● **Directions for this task**
The whole listing, please: repeat it exactly, with the pictures left out.

---+---

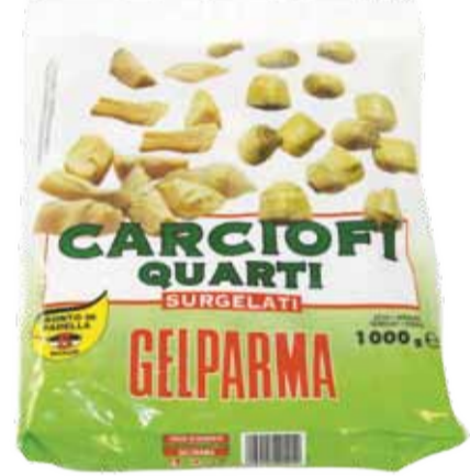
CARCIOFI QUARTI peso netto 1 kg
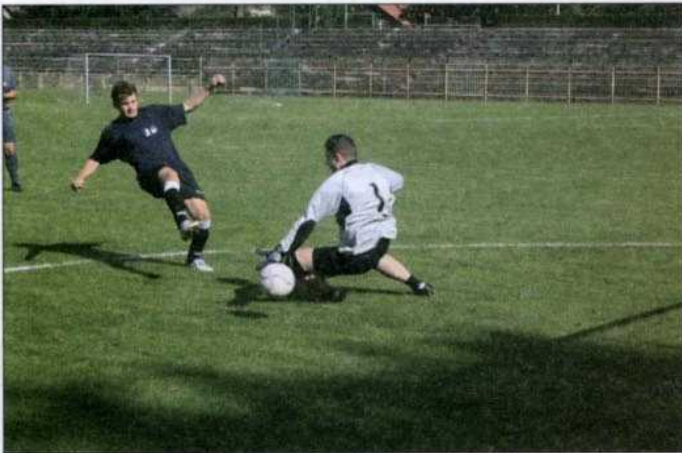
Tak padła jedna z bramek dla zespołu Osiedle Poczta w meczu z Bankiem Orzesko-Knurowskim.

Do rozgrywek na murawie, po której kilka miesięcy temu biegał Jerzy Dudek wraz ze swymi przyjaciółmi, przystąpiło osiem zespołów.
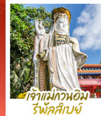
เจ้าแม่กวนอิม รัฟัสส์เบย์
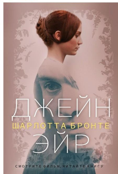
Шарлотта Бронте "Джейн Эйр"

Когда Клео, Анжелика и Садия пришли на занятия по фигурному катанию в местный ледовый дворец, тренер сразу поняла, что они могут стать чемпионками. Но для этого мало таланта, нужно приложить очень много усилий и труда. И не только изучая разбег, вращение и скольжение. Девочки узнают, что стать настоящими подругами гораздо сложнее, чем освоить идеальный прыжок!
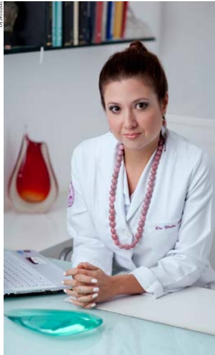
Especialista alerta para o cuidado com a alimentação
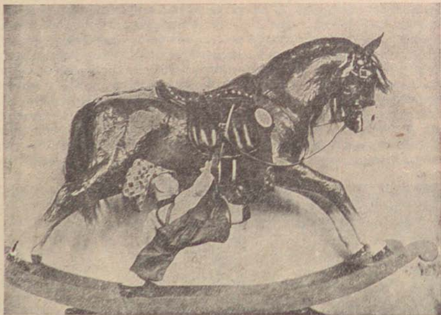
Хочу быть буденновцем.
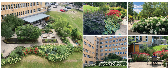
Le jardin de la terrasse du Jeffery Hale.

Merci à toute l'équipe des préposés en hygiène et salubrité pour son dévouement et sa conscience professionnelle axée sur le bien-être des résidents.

---+---

● **Exercise result**
CARCIOFI QUARTI peso netto 1 kg
Tak padła jedna z bramek dla zespołu Osiedle Poczta w meczu z Bankiem Orzesko-Knurowskim.

Do rozgrywek na murawie, po której kilka miesięcy temu biegał Jerzy Dudek wraz ze swymi przyjaciółmi, przystąpiło osiem zespołów.
เจ้าแม่กวนอิม รัฟัสส์เบย์
Шарлотта Бронте "Джейн Эйр"

Когда Клео, Анжелика и Садия пришли на занятия по фигурному катанию в местный ледовый дворец, тренер сразу поняла, что они могут стать чемпионками. Но для этого мало таланта, нужно приложить очень много усилий и труда. И не только изучая разбег, вращение и скольжение. Девочки узнают, что стать настоящими подругами гораздо сложнее, чем освоить идеальный прыжок!
Especialista alerta para o cuidado com a alimentação
Хочу быть буденновцем.
Le jardin de la terrasse du Jeffery Hale.

Merci à toute l'équipe des préposés en hygiène et salubrité pour son dévouement et sa conscience professionnelle axée sur le bien-être des résidents.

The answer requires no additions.